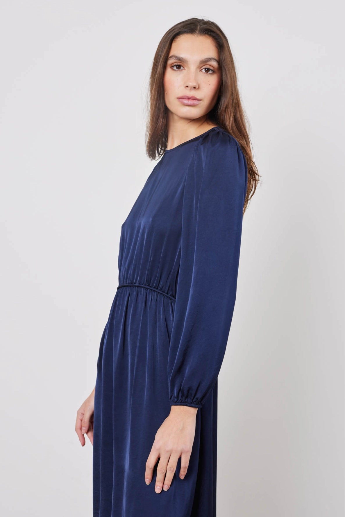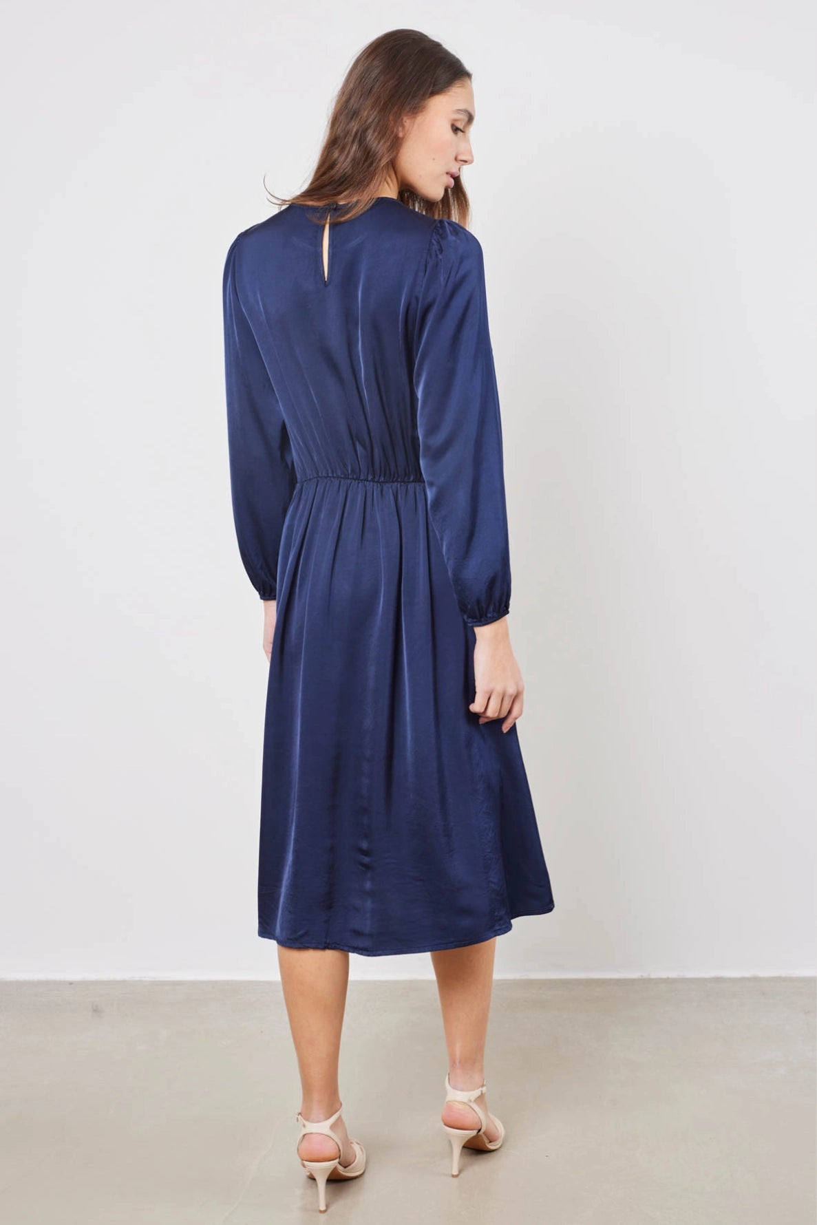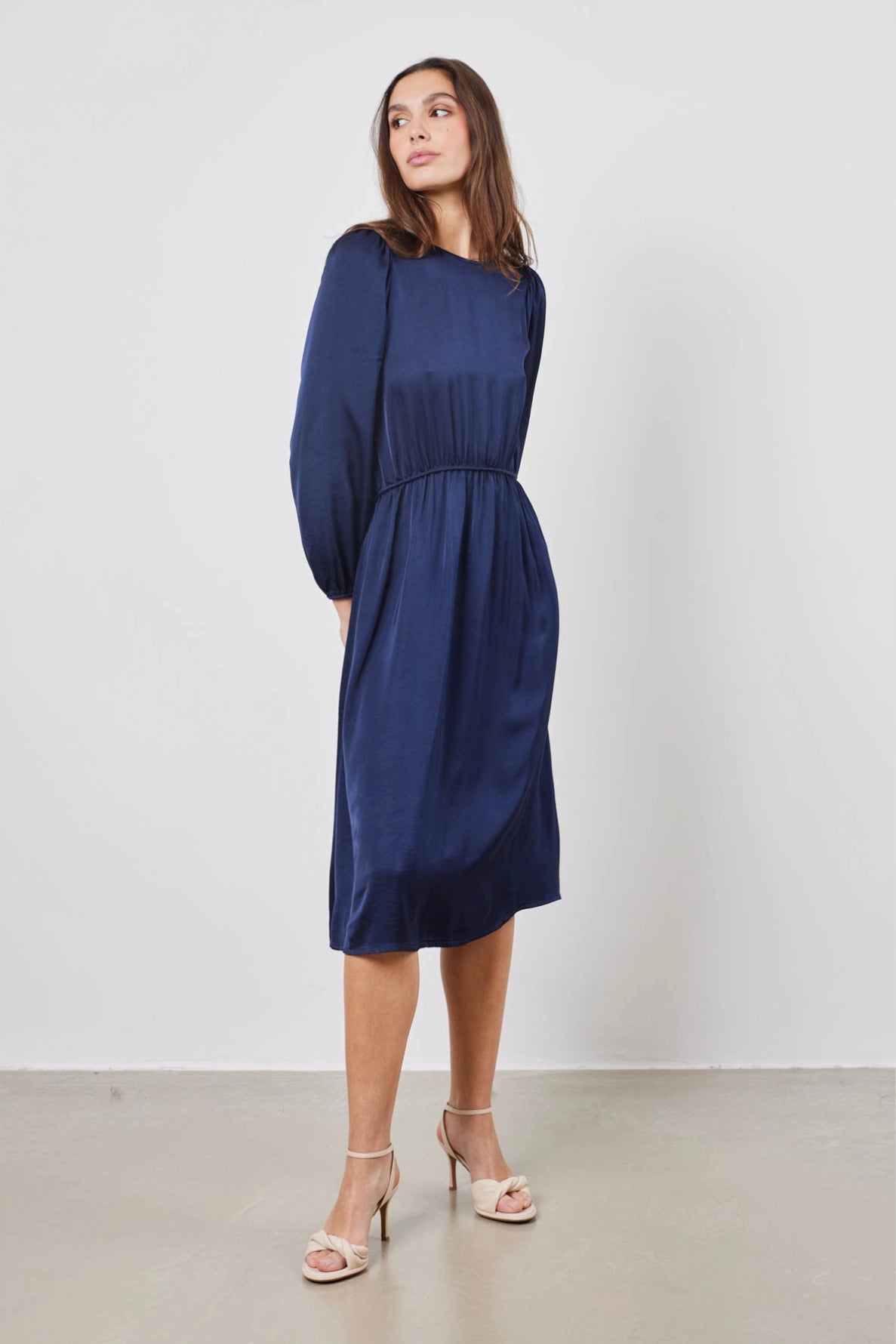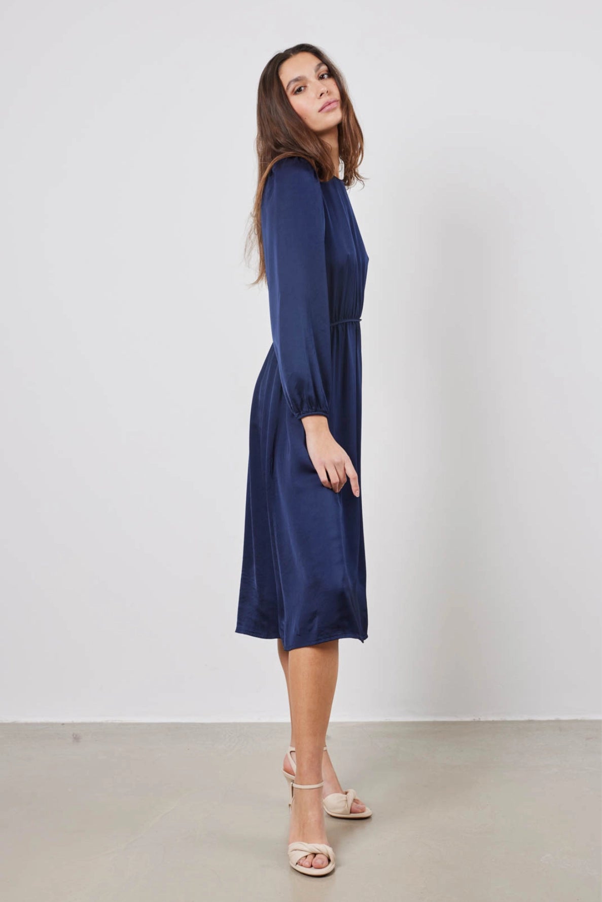 Elegante satijnen jurk met een soepele valling, perfect voor een verfijnde en glamoureuze look bij elke gelegenheid.
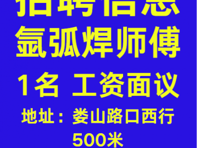 招聘:氩弧焊师傅1名,工资面议,地址:娄山路口西行500米
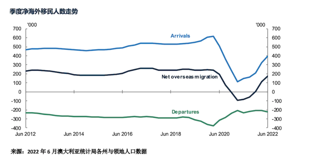 然而,在2021年末国门打开之后,抵达澳大利亚的人数“剧增”,净移民流入达到15万人。这一数字预计在2022-2023财年重返疫情前的23.5万水平。
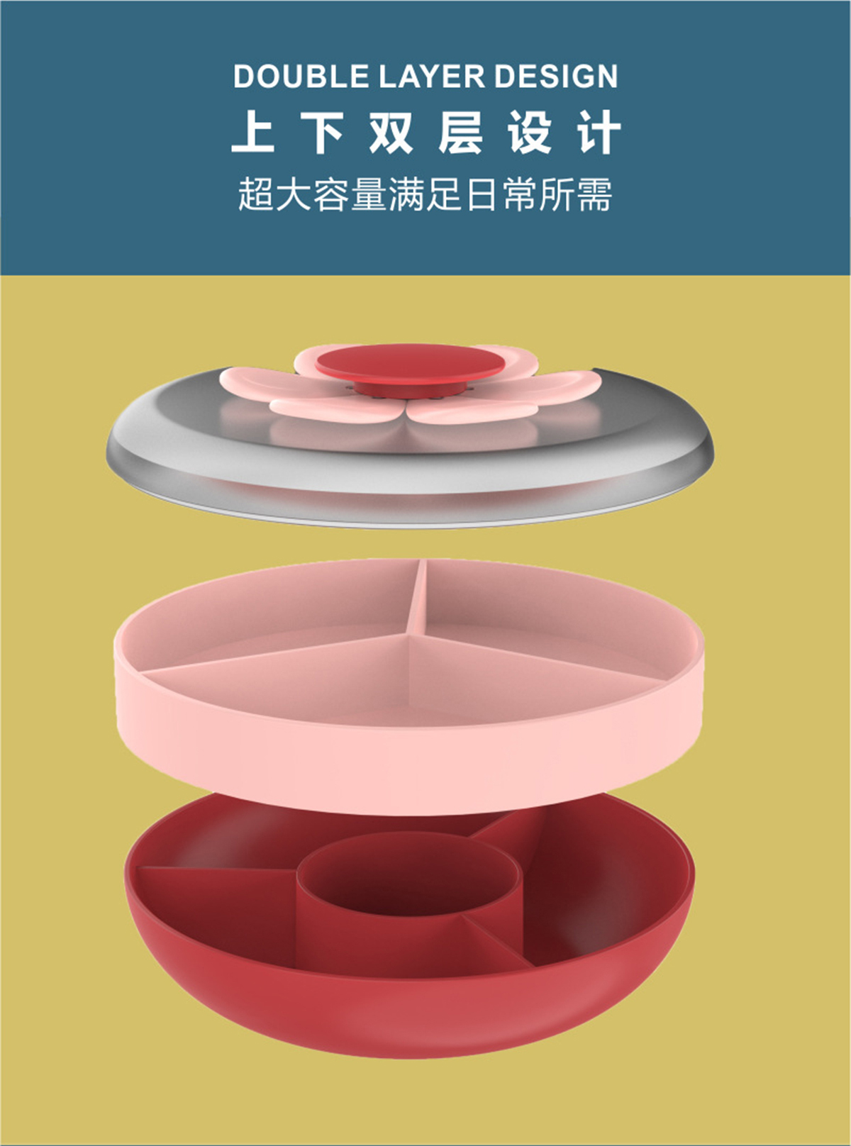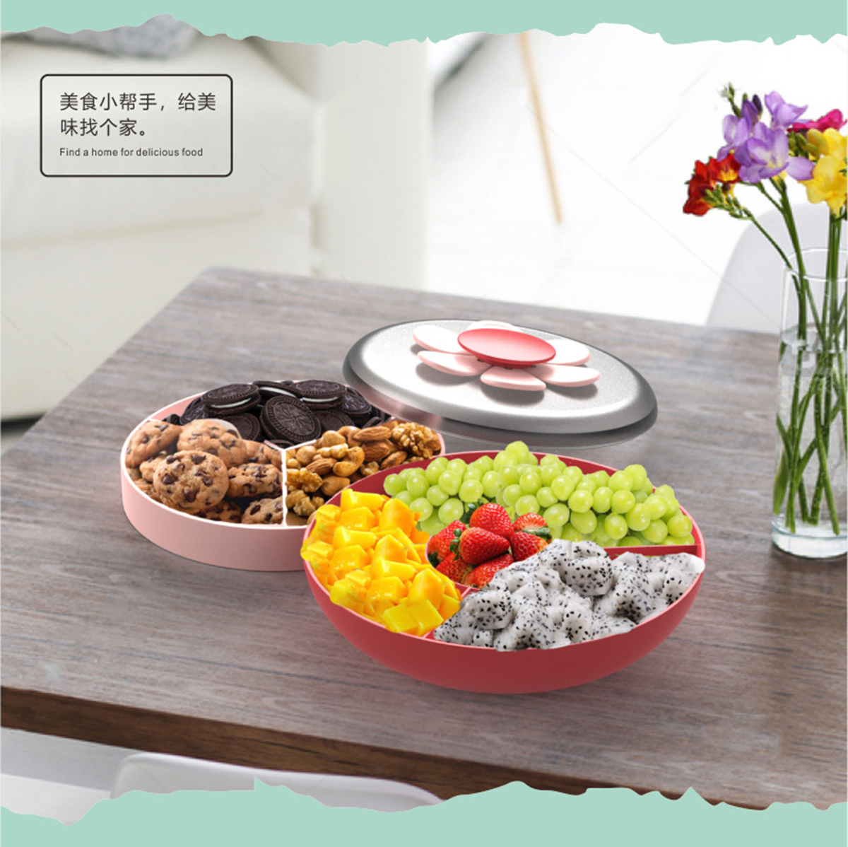 花瓣果叉雙層零食盒1.1L
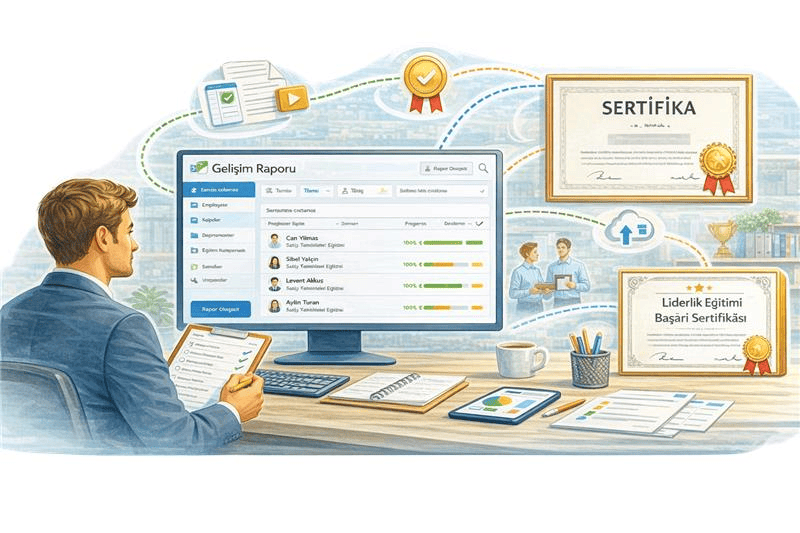 Personeller tamamladıkları eğitimler sonrası sertifika alabilir ve tüm gelişim süreçleri sistem üzerinde kayıt altına alınır. Ayrıca dış kaynaklı eğitimler ve belgeler de sisteme eklenerek bütünsel bir gelişim takibi sağlanır. Bu yapı, çalışan yetkinliklerinin belgelenmesini ve kurumsal gelişimin izlenmesini kolaylaştırır.
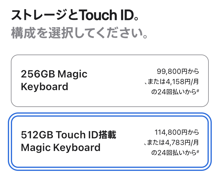 しかし、ここにAppleの巧みな価格設定が隠されています。MacBook NeoでTouch ID搭載モデルを選ぶと、SSD 512GBへの増量がセットで必須となり、価格が一気に114,800円まで跳ね上がってしまうのです。
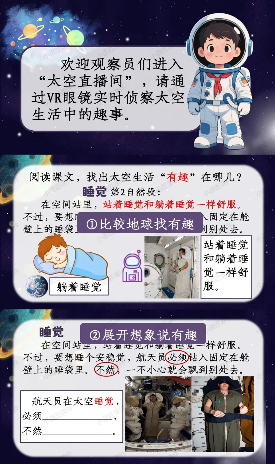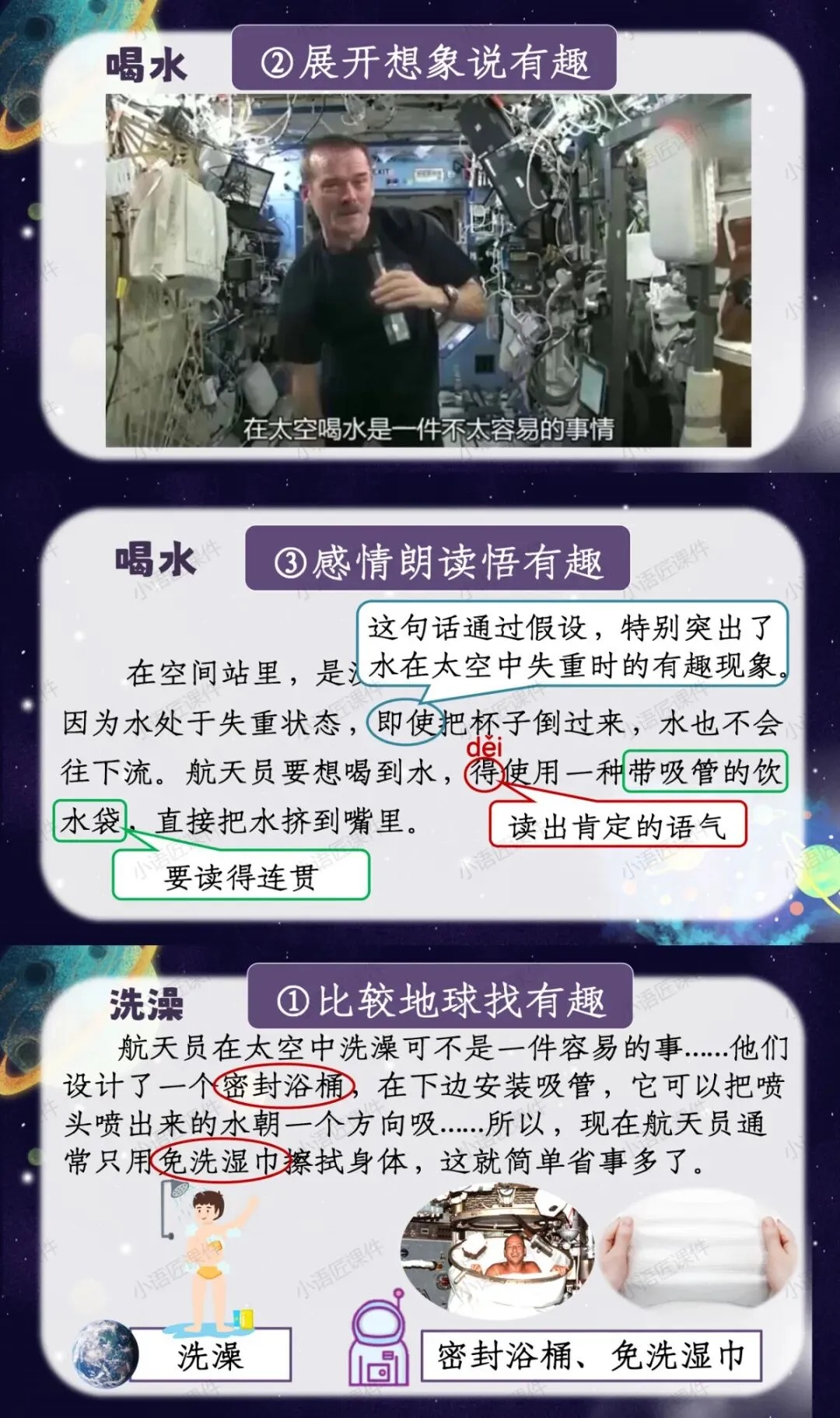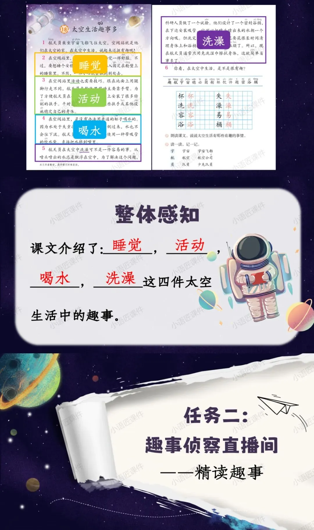 今天给大家分享的是部编人教版二年级下册《太空生活趣事多》的独家课件。
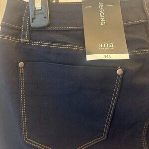 a.n.a. super-stretch sleek jeans leggings in smooth indigo denim with a zip fly. They are a moderately low rise - nothing too low, but a fresh departure from the high waists we've been seeing for years. Whether you pair your jeggings with a chic blazer and a kitten heel, or with boots or sneakers and your favorite comfy hoodie, you're going to feel good and look amazing in these! Fabric: 76% cotton, 22% polyester, 2% spandex (care suggestion: machine wash warm, tumble dry medium, warm iron). Never worn.
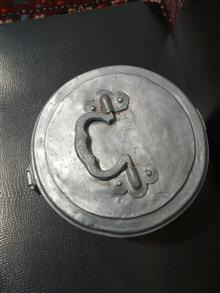 کیفیت مطابق تصویر .سالم و قابل استفاده .جنس فلز روی یا الومینیوم .سبک وزن .قطر 16 و ارتفاع 10 سانت .پیم پشت درب فابریک نیست
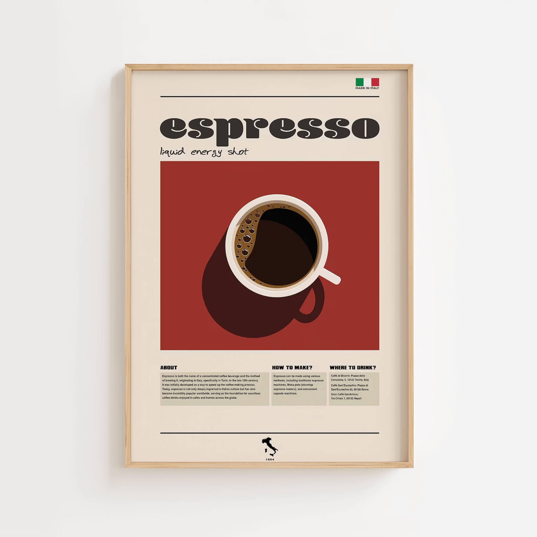 Denne grafiske og retro-inspirerede espresso plakat viser en smuk kop espresso set ovenfra, sat mod en varm, rød baggrund, kombineret med små sektioner om espressoens historie, hvordan man brygger den, og hvor man kan smage den bedste espresso i Italien.
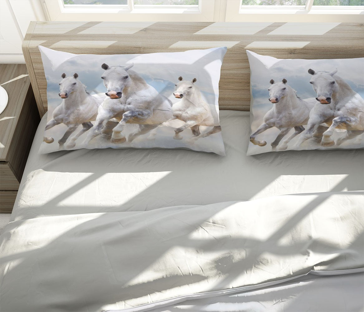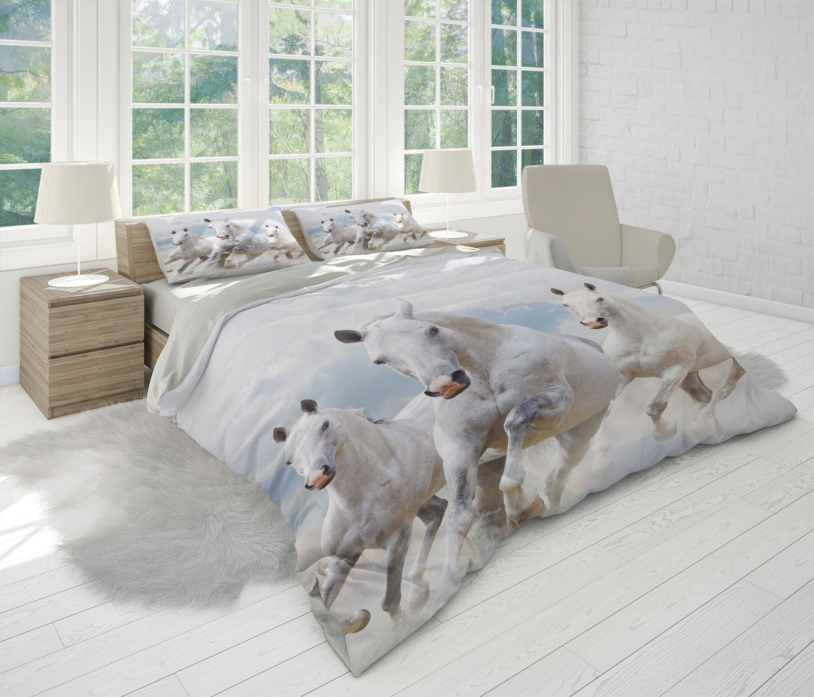 Hakuba Animals Horses White 3D Duvet Cover Set W Pillow Cover, Single Double Queen King Size, Printed Cotton Quilt Doona Cover 3 Pcs
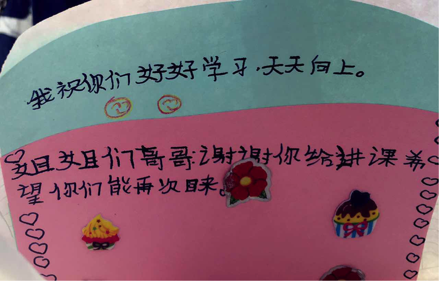 40分钟的时间很快过去,下课以后,孩子们一拥而上。有的围着老师询问各种问题,有的则把自己折好的小爱心、自己最心爱的小玩偶送给老师当做纪念,虽然相处的时间不久,但是浙江大学的代课老师们与孩子们显然已经打成了一片,这一群生活在大山间的孩子们有着最温暖的内心,都像是好奇的小天使。课程虽然结束了,但老师和孩子们都显得依依不舍,他们簇拥着老师,即使已经是午休回家的时间,都久久不愿离开教室,“那一刻千言万语或许都很难描述人内心的柔软吧”罗静宜说。
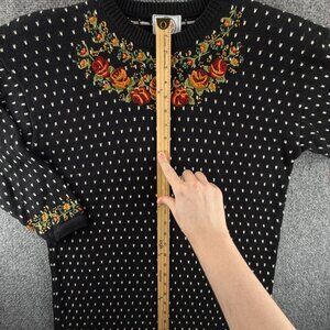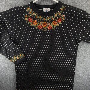 Cape Isle Knitters Women Sweater Small Floral Embroidered Pullover Knit Crew
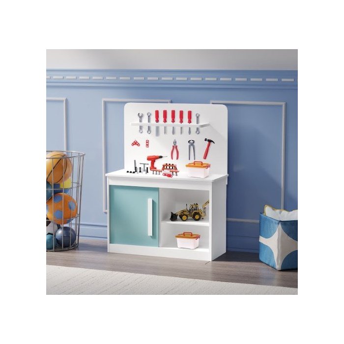 Com a Bancada de Ferramenta a diversão é garantida. Ela é ideal para estimular a criatividade do seu filho, estimulando a imaginação e o desenvolvimento motor. Sendo Funcional e prática, é ótima para quem curte martelar, pregar, parafusar e construir coisas. Além disso, é compacta e charmosa, combinando com qualquer ambiente da casa, até mesmo na sala.
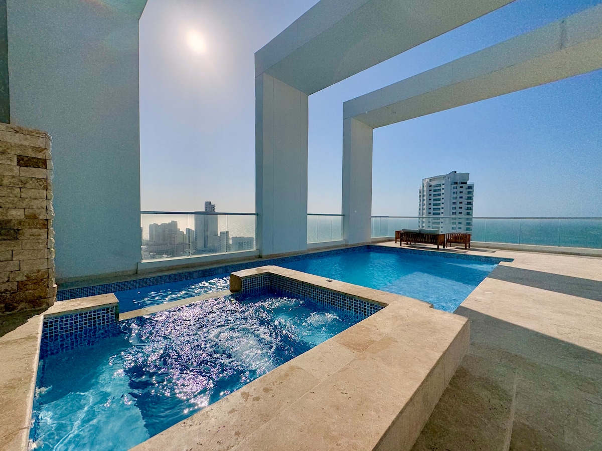 Panorami mozzafiato e posizione perfetta Rilassati in un ambiente lussuoso e splendido in questo attico con 1 camera da letto e 1 bagno, arredato con gusto e situato al 36° piano di uno degli edifici più recenti e prestigiosi di Cartagena: Palmetto Beach. Ampia vista mozzafiato sull'oceano. Arredato secondo gli standard degli hotel di lusso, con TV a grande schermo in tutte le camere da letto e nel soggiorno. I servizi dell'edificio includono una palestra completamente attrezzata e una piscina all'ultimo piano.

◆ ◆ ◆

* [EXERCISE AIM]: Take the line containing "Com a Bancada" as the first line and the last line of the data above as the final one, and output exactly the lines between them, inclusive, with no pictures.

* [ANSWER FOR THIS EXERCISE]:
 Com a Bancada de Ferramenta a diversão é garantida. Ela é ideal para estimular a criatividade do seu filho, estimulando a imaginação e o desenvolvimento motor. Sendo Funcional e prática, é ótima para quem curte martelar, pregar, parafusar e construir coisas. Além disso, é compacta e charmosa, combinando com qualquer ambiente da casa, até mesmo na sala.
 Panorami mozzafiato e posizione perfetta Rilassati in un ambiente lussuoso e splendido in questo attico con 1 camera da letto e 1 bagno, arredato con gusto e situato al 36° piano di uno degli edifici più recenti e prestigiosi di Cartagena: Palmetto Beach. Ampia vista mozzafiato sull'oceano. Arredato secondo gli standard degli hotel di lusso, con TV a grande schermo in tutte le camere da letto e nel soggiorno. I servizi dell'edificio includono una palestra completamente attrezzata e una piscina all'ultimo piano.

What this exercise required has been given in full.